STUDY OBJECTIVE: To assess nerve fiber density and expression of hormone receptors in bowel endometriosis. DESIGN: Cross-sectional study. SETTING: Private hospital. PATIENTS: Women with endometriosis undergoing laparoscopic segmental bowel resection (n = 54). INTERVENTIONS: Tissue samples were obtained from patients with surgically treated rectosigmoid endometriosis. MEASUREMENTS AND MAIN RESULTS: The rectosigmoid specimen containing the endometriosis nodule was manually sectioned and divided into 3 areas: core of the nodule, margin of the nodule, and healthy bowel tissue. The intensity of expression of estrogen and progesterone receptors was evaluated by immunohistochemistry and measured according to the Allred score. Nerve fibers were stained by immunohistochemistry using Protein Gene Product 9.5, and the density of nerve fillets was counted and expressed in number/mm². All glandular and stromal cells stained for estrogen; however, glandular cells stained more strongly than stromal cells (61.1% vs 35.2%; p = .01). Most of glandular and stromal cells stained strongly for progesterone receptors (90.7% vs 98.1%; p = .2).
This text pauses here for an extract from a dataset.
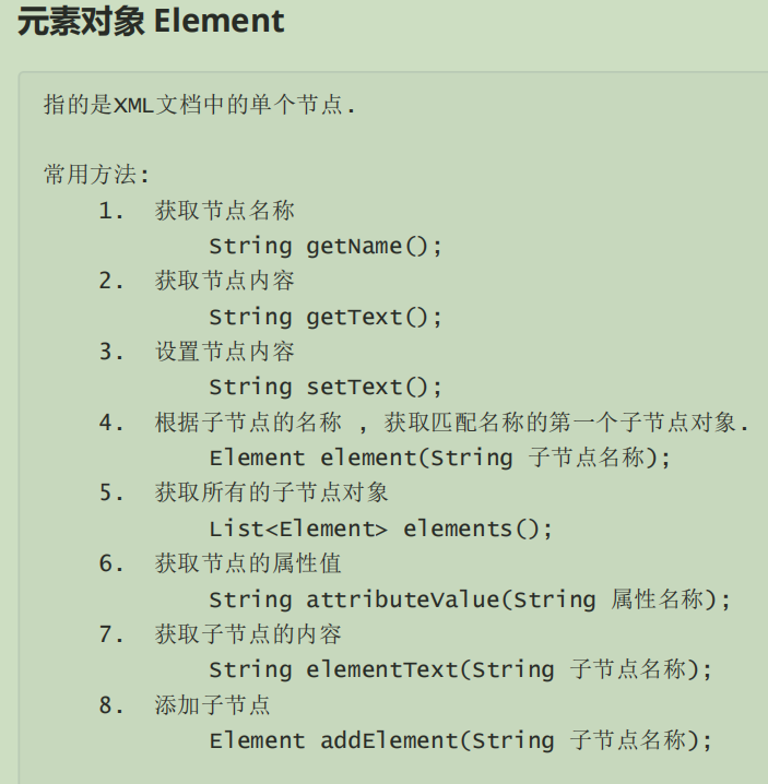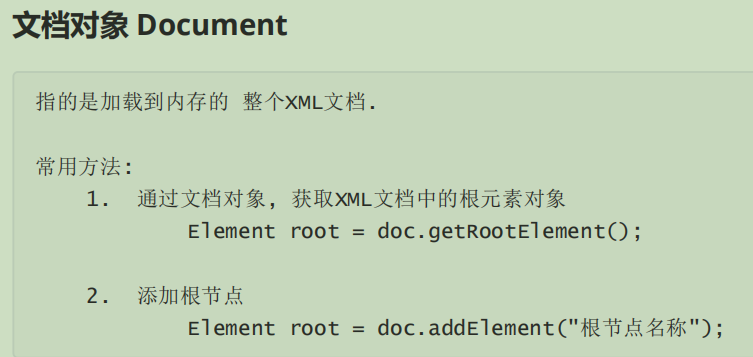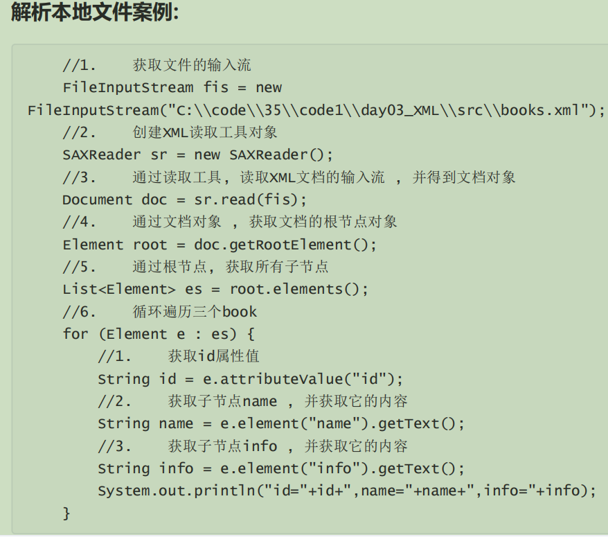 1 import org.dom4j.Document; 2 import org.dom4j.DocumentException; 3 import org.dom4j.Element; 4 import org.dom4j.io.SAXReader; 5 6 import java.io.FileInputStream; 7 8 import java.io.IOException; 9 10 public class Demo01 { 11 public static void main(String[] args) throws IOException, DocumentException { 12 //1.获取文件输入流 13 FileInputStream fis = new FileInputStream("D://book.xml"); 14 //2.创建xml文件读取对象 15 SAXReader reader = new SAXReader(); 16 //3 读取并得到文档对象 17 Document doc = reader.read(fis); 18 //4 获取文档根元素 19 Element root = doc.getRootElement(); 20 //5 获取根元素的名字 21 System.out.println(root.getName());

The density of nerve fibers was very high in the margin of the nodule (172.22±45.66/mm²), moderate in healthy bowel tissue (111.48±48.57/mm²), and very low in the core of the nodule (7.31±4.9/mm²); p = .01. CONCLUSION: Both glandular and stromal cells within the rectosigmoid endometriosis nodule express estrogen and progesterone receptors. Higher intensity of expression of estrogen receptors occurs in glandular cells. The density of nerve fibers is extremely high at the nodule margin and very low in the center of the nodule.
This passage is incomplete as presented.